Configuring the Protobuf extension
In order to parse Protobuf messages, you first have to enable the Protobuf extension in the Druid configuration. For the micro-quickstart
configuration, edit conf/druid/single-server/micro-quickstart/_common/common.runtime.properties
:
druid.extensions.loadList=["druid-hdfs-storage", "druid-kafka-indexing-service", "druid-datasketches", "druid-parquet-extensions", "druid-protobuf-extensions"]
Download the missing JAR files according to the documentation. If you skip this step, you will get weird and cryptic errors.
cd extensions/
mkdir protobuf-extensions
cd protobuf-extensions
curl -O -L https://packages.confluent.io/maven/io/confluent/kafka-protobuf-provider/6.0.1/kafka-protobuf-provider-6.0.1.jar
curl -O -L https://repo1.maven.org/maven2/org/jetbrains/kotlin/kotlin-stdlib/1.4.0/kotlin-stdlib-1.4.0.jar
curl -O -L https://repo1.maven.org/maven2/com/squareup/wire/wire-schema/3.2.2/wire-schema-3.2.2.jar
Ingesting Protobuf Data from Kafka
Start the Load Data wizard, and choose Kafka as the source.

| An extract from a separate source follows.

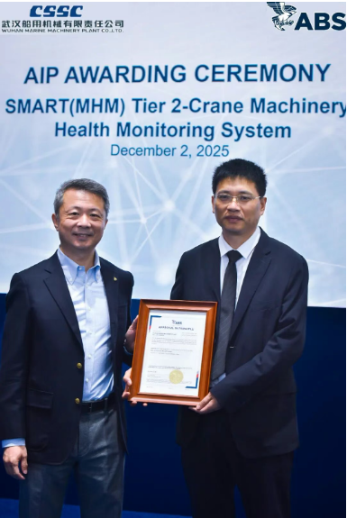 12月2日,2025年中國國際海事技術(shù)學(xué)術(shù)會議和展覽會開幕首日,中船武漢船機開發(fā)的海工吊機智能化健康監(jiān)測系統(tǒng)(SMART系統(tǒng))獲得ABS船級社SMART(MHM TIER 2)原則性批準(AIP),這是國內(nèi)海工吊機首個成功取得該AIP認證的系統(tǒng)。ABS船級社技術(shù)副總裁谷海、中船武漢船機副總經(jīng)理胡發(fā)國出席發(fā)證儀式。

Enter the local Kafka coordinates as shown:
Then hit Next
. You see what we would expect: garbled binary data. Here you would normally choose a parser. Since the Protobuf parser is not (yet) available as a drop-down choice, go directly to the Edit spec
stage:
In the JSON editor, replace the "inputFormat"
section:
Here is the replacement section.
"inputFormat": {
"type": "protobuf",
"protoBytesDecoder": {
"type": "schema_registry",
"url": "http://localhost:18081"
}
}
This does two things: It specifies the format as Protobuf, and also tells Druid to get the metadata information from Schema Registry. The beauty of this is that the Kafka Protobuf message format encodes the schema ID as part of the message, so the right schema is looked up automatically!
Side note: There’s another way of injecting the schema information into Druid: by using "type": "file"
in "protoBytesDecoder"
. In that case, you have a hardcoded schema and there is no schema ID in the message format. This is actually a different binary format!

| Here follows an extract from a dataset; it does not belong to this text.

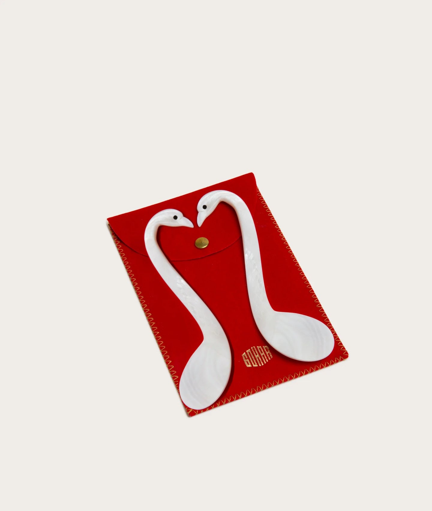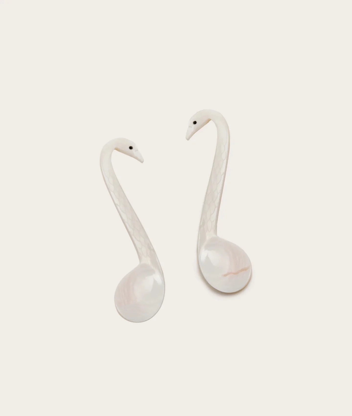 Hand carved from mother of pearl, our majestic swan spoon gets a romantic update as a duetting pair. The perfect couple for anything soft and sweet.

Side note 2: If you had authentication enabled for your Schema Registry, you would have to add the credentials like so:
"config": {
"basic.auth.credentials.source": "USER_INFO",
"basic.auth.user.info": "<SCHEMA REGISTRY API KEY>:<SCHEMA REGISTRY SECRET>"
}
Now, go back the the Parse data
stage and the data is appearing properly:
From here, it’s the standard procedure for the ingestion wizard:
- choose
time
as the timestamp field, inposix
format (this will show dates from 1970 but that doesn’t matter for the tutorial) - choose daily segments and earliest offsets
- name the datasource
clickstream-proto
- and kick off the Supervisor
Here is the full ingestion spec:
{
"type": "kafka",
"spec": {
"ioConfig": {
"type": "kafka",
"consumerProperties": {
"bootstrap.servers": "localhost:9092"
},
"topic": "clickstream",
"inputFormat": {
"type": "protobuf",
"protoBytesDecoder": {
"type": "schema_registry",
"url": "http://localhost:18081"
}
},
"useEarliestOffset": true
},
"tuningConfig": {
"type": "kafka"
},
"dataSchema": {
"dataSource": "clickstream-proto",
"timestampSpec": {
"column": "time",
"format": "posix"
},
"dimensionsSpec": {
"dimensions": [
"ip",
{
"type": "long",
"name": "userid"
},
"remoteUser",
{
"type": "long",
"name": "time"
},
{
"type": "long",
"name": "Time"
},
"request",
{
"type": "long",
"name": "status"
},
{
"type": "long",
"name": "bytes"
},
"referrer",
"agent"
]
},
"granularitySpec": {
"queryGranularity": "none",
"rollup": false,
"segmentGranularity": "day"
}
}
}
}
Soon you will see data showing up in the new datasource:
Learnings
- Protobuf format is fully supported by a standard Druid extension.
- As of the time of this writing, you need to add some libraries to Druid manually.
- The Protobuf support options are not visible in the Load Data wizard, but they can be accessed by editing the JSON spec directly.
- The Protobuf extension supports reading the Confluent wire format with a Schema Registry connection, or raw Protobuf with a schema file.